All of lore.kernel.org
 help / color / mirror / Atom feed
From: Chris Wilson <chris@chris-wilson.co.uk>
To: intel-gfx@lists.freedesktop.org
Cc: Daniel Vetter <daniel.vetter@ffwll.ch>
Subject: [CI-ping 09/15] drm/i915: Prevent leaking of -EIO from i915_wait_request()
Date: Tue, 12 Apr 2016 21:03:03 +0100	[thread overview]
Message-ID: <1460491389-8602-9-git-send-email-chris@chris-wilson.co.uk> (raw)
In-Reply-To: <1460491389-8602-1-git-send-email-chris@chris-wilson.co.uk>

Reporting -EIO from i915_wait_request() has proven very troublematic
over the years, with numerous hard-to-reproduce bugs cropping up in the
corner case of where a reset occurs and the code wasn't expecting such
an error.

If the we reset the GPU or have detected a hang and wish to reset the
GPU, the request is forcibly complete and the wait broken. Currently, we
report either -EAGAIN or -EIO in order for the caller to retreat and
restart the wait (if appropriate) after dropping and then reacquiring
the struct_mutex (essential to allow the GPU reset to proceed). However,
if we take the view that the request is complete (no further work will
be done on it by the GPU because it is dead and soon to be reset), then
we can proceed with the task at hand and then drop the struct_mutex
allowing the reset to occur. This transfers the burden of checking
whether it is safe to proceed to the caller, which in all but one
instance it is safe - completely eliminating the source of all spurious
-EIO.

Of note, we only have two API entry points where we expect that
userspace can observe an EIO. First is when submitting an execbuf, if
the GPU is terminally wedged, then the operation cannot succeed and an
-EIO is reported. Secondly, existing userspace uses the throttle ioctl
to detect an already wedged GPU before starting using HW acceleration
(or to confirm that the GPU is wedged after an error condition). So if
the GPU is wedged when the user calls throttle, also report -EIO.

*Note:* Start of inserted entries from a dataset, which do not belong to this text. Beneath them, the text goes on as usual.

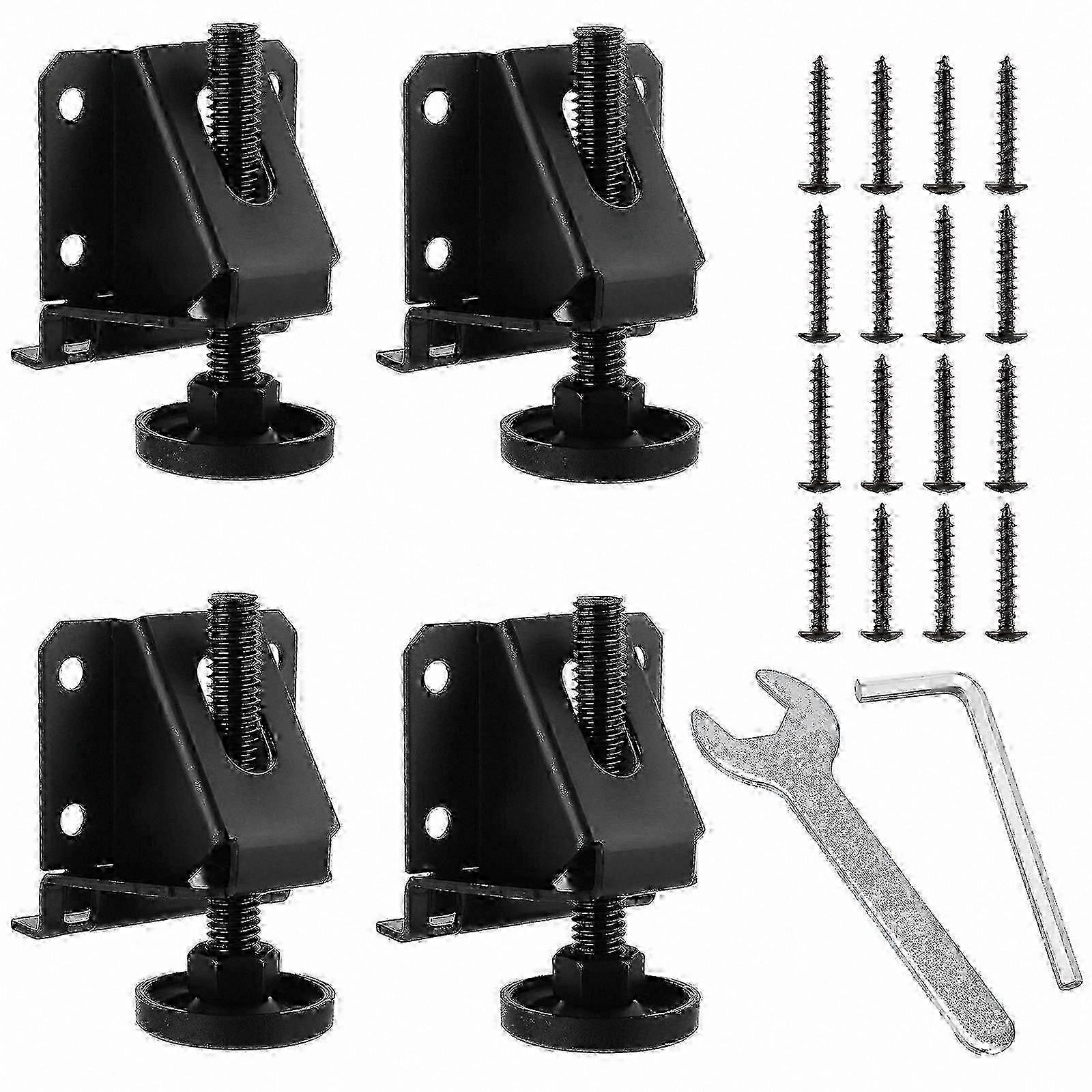 Description These furniture levelers feature a smooth surface and clean appearance that complements the color of furniture parts. They are easy to install with direct mounting. Comes with all necessary mounting accessories and tools for simple installation. Features - Color: Black - Material: Iron - Size: 7.50 x 5.50 x 3.60 cm / 2.95 x 2.16 x 1.41 in - Heavy-duty leveling feet with adjustable design to solve uneven ground issues, providing stability and strength - Compensates for uneven or irregular floors, protects flooring surfaces, and helps prevent moisture from reaching furniture legs - Heavy-duty construction with high load-bearing capacity for durable performance - Adjustable feet allow for proper elevation to protect furniture from moisture and corrosion - Ideal for workbench leveling; includes screws and wrench for quick and easy installation Packing List 4 x Leveling Feet 16 x Screws 1 x Inner Hex Wrench 1 x Nut Wrench
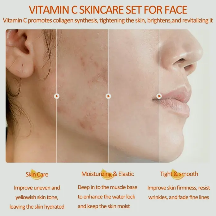 This skin care set contains vital moisturizing necessities: face wash, toner, elixir, facial moisturizer, and eye cream. Successfully reduces wrinkles, tightens skin, reduces pores, and keeps skin moist, full, and shiny. Vit C serves as a organic ingredient, slows aging, lessens spots, and maintains skin flawless. Comes in a luxurious present box, ideal for gifting to relatives and friends on special occasions. Filled with vitamin C, hyaluronic acid, and aloe for profound hydration. Perfect for all skin types, including sensitive to dry.
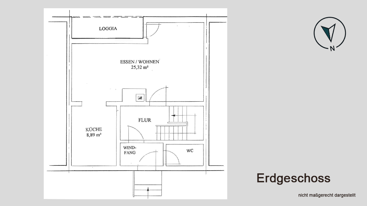 Im Erdgeschoss befindet sich die Küche, ein Badezimmer, das Wohnzimmer und ein Balkon.
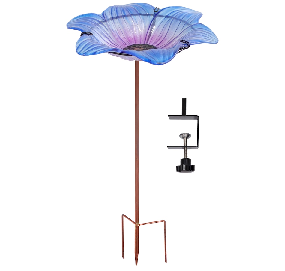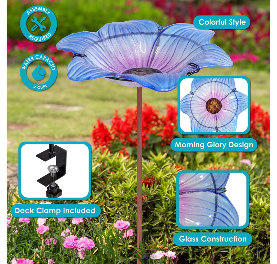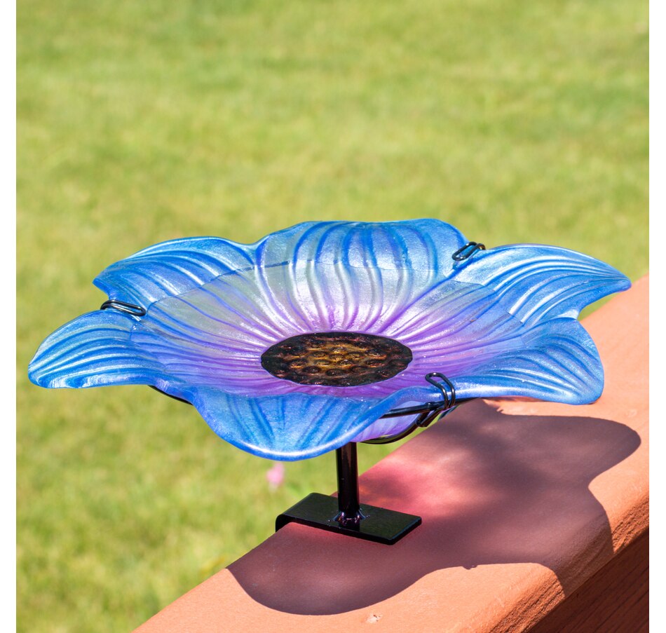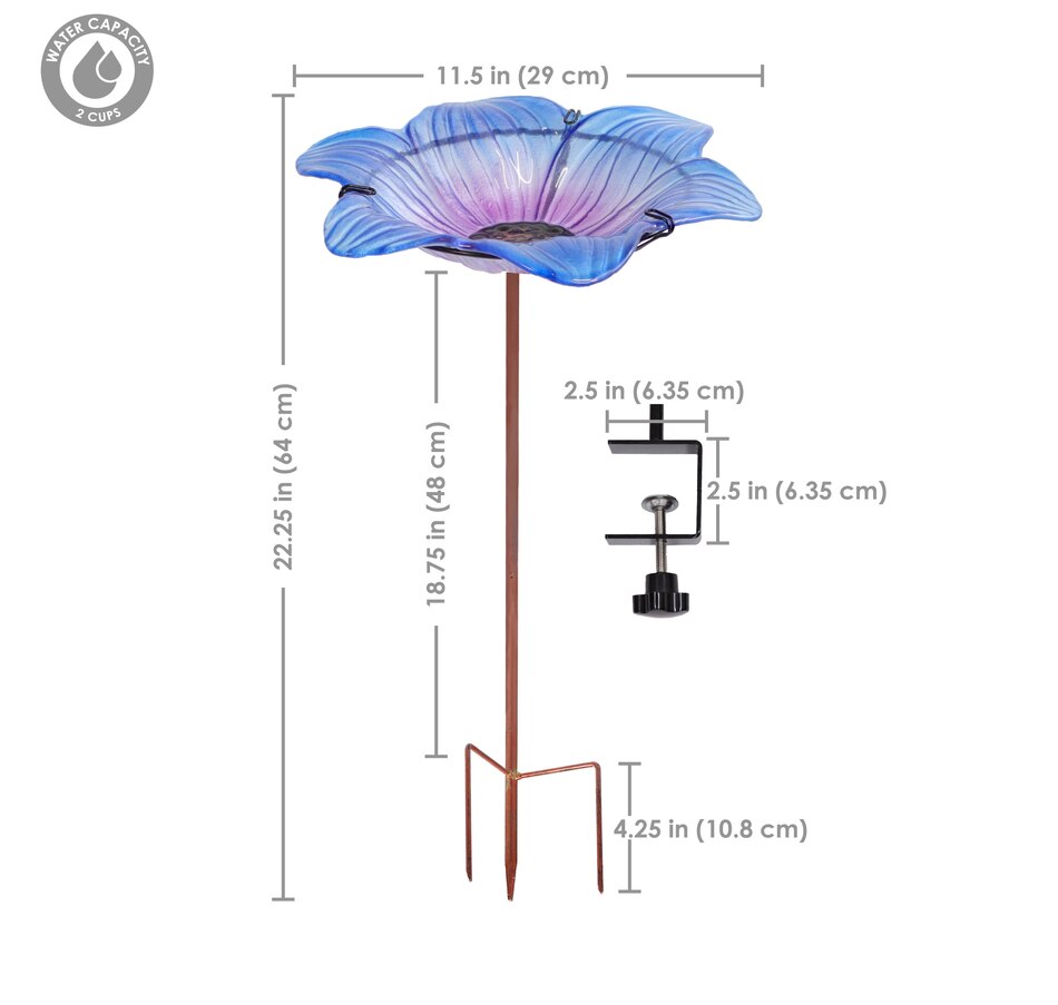 Provide a stylish oasis for the local birds with this elegant and versatile deck-mount bird bath. Beautifully crafted from glass and featuring a unique 6-petaled flower shape and a vibrant blue color, this flower bird bath includes two convenient mounting options. Use the deck clamp to secure the bird bath firmly to a railing or outdoor table, or attach the 3-pronged stake to drive the stand securely into the earth. The bowl can hold up to 2 cups of water for feathered friends to use for preening or drinking. Both the clamp and the stake are made from durable iron for lasting strength. The deck clamp has a classic black finish while the stand features a shiny copper color. This lovely bird bath is a beautiful garden accent for the deck, front porch, backyard, or garden.

v2: Split more carefully the change to i915_wait_request() and assorted
ABI from the reset handling.
v3: Add a couple of WARN_ON(EIO) to the interruptible modesetting code
so that we don't start to leak EIO there in future (and break our hang
resistant modesetting).

Signed-off-by: Chris Wilson <chris@chris-wilson.co.uk>
Cc: Daniel Vetter <daniel.vetter@ffwll.ch>
Reviewed-by: Daniel Vetter <daniel.vetter@ffwll.ch>
---
 drivers/gpu/drm/i915/i915_drv.h         |  2 --
 drivers/gpu/drm/i915/i915_gem.c         | 44 ++++++++++++++++-----------------
 drivers/gpu/drm/i915/i915_gem_userptr.c |  6 ++---
 drivers/gpu/drm/i915/intel_display.c    | 13 +++++-----
 drivers/gpu/drm/i915/intel_lrc.c        |  2 +-
 drivers/gpu/drm/i915/intel_ringbuffer.c |  3 +--
 6 files changed, 32 insertions(+), 38 deletions(-)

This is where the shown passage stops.